The party began to debate its political course: some members (known as the Godebald-group) wanted to continue cooperation with the PvdA. Many of the party's founders and former ministers, such as Erik Jurgens were part of this group. Others wanted to cooperate with the Pacifist Socialist Party and the Communist Party of the Netherlands. They were called the Wageningen Group. Another group wanted to reform the party's course and continue as an independent green party: Bas de Gaay Fortman and former Provo and Kabouter Roel van Duijn were important exponents of this group. At the party convention of 1981, the party voted on these options, which were colour-coded: the Red option (cooperation with the PSP and CPN), the Blue option (cooperation with D66 and the PvdA) and the Green option (independent green party). An alliance was struck between the Reds and Greens. The party decided to break its alliance with D66 and the PvdA and try to form an alliance with the PSP and CPN, which would have a strong green identity. In the 1981 general election it kept its three seats. After the election a CDA–PvdA–D66 cabinet was formed – a continuation of the Den Uyl cabinet without the PPR. The cabinet fell after several months in the subsequent 1982 election where the party lost one seat. In 1985 CDA dissident Stef Dijkman joined the PPR parliamentary party. He had split from the CDA in 1983 together with Nico Sholten, who joined the PvdA parliamentary party.

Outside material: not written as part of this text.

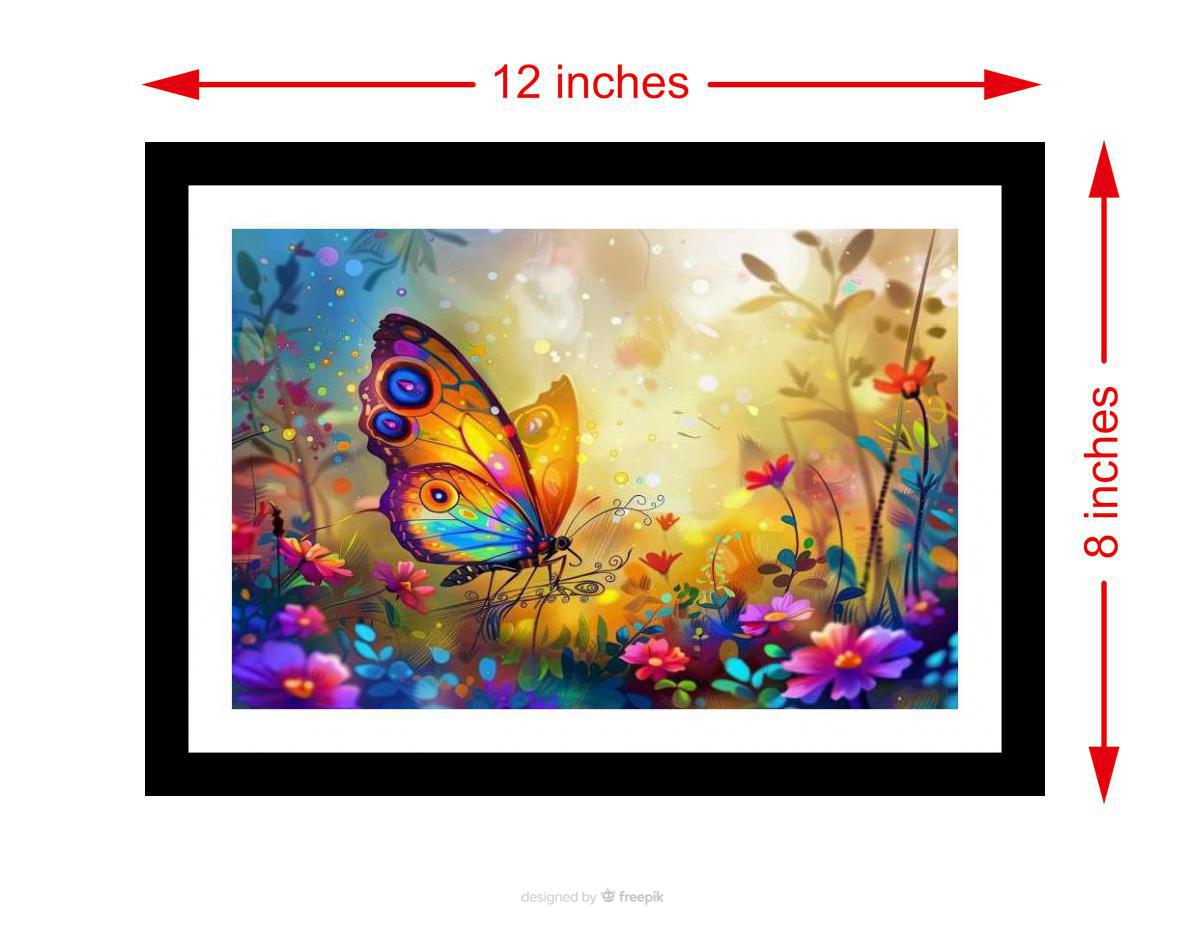 A vibrant butterfly amidst fantastical flora: a stunning, colorful explosion of nature's beauty. The reprint's colors are vibrant and the print is sharp; it truly captures the portrait's original beauty! The digital reprint boasts a striking composition, breathing new life into the portrait's inherent beauty. Versatile Decor: Ideal for enhancing the aesthetic appeal of living rooms and bedrooms Enhanced Durability: Weather-shield laminated digital print for lasting vibrancy and protection Premium Framing: Constructed with a high-quality, durable fiber frame for long-term stability Precise Dimensions: 30 cm x 20 cm x 1 cm

In the 1980s, the cooperation between PPR, CPN and PSP began to take shape. The parties cooperated mainly in municipal and provincial elections and councils, because a higher percentage of votes is necessary to gain seats in such elections. The three parties contested the 1984 European Parliament election with a combined candidate list with the name Green Progressive Accord. They won one seat, which rotated between the PSP and PPR. Party members also met each other in grassroots extraparliamentary protest against nuclear power and nuclear weapons. Both the PSP and CPN were unwilling to cooperate intensively with the PPR, which was slightly larger in seats and which they saw as a non-socialist party.

===After 1989===
In 1989, the PSP initiated talks with the PPR and the PSP. Their initiative was supported by an open letter from members of trade unions, environmental movements and the arts which called for one progressive formation to the left of the PvdA. After long negotiations, which were pressured by the fall of the second Lubbers cabinet and the subsequent earlier elections, the party entered in the 1989 general election as part of GroenLinks. They were joined by the Evangelical People's Party (EVP). Ria Beckers was lead candidate and she became chair of the GroenLinks parliamentary party. In 1991 the PPR dissolved itself into GroenLinks when GroenLinks became a formal political party. In the same year, GroenLinks' only MEP, former PPR-chair, Verbeek announced that he would not give up his seat in the European Parliament, to allow a former member of the PSP to enter the European Parliament. He would continue as an independent and would be lead candidate for The Greens in the 1994 European election, without success.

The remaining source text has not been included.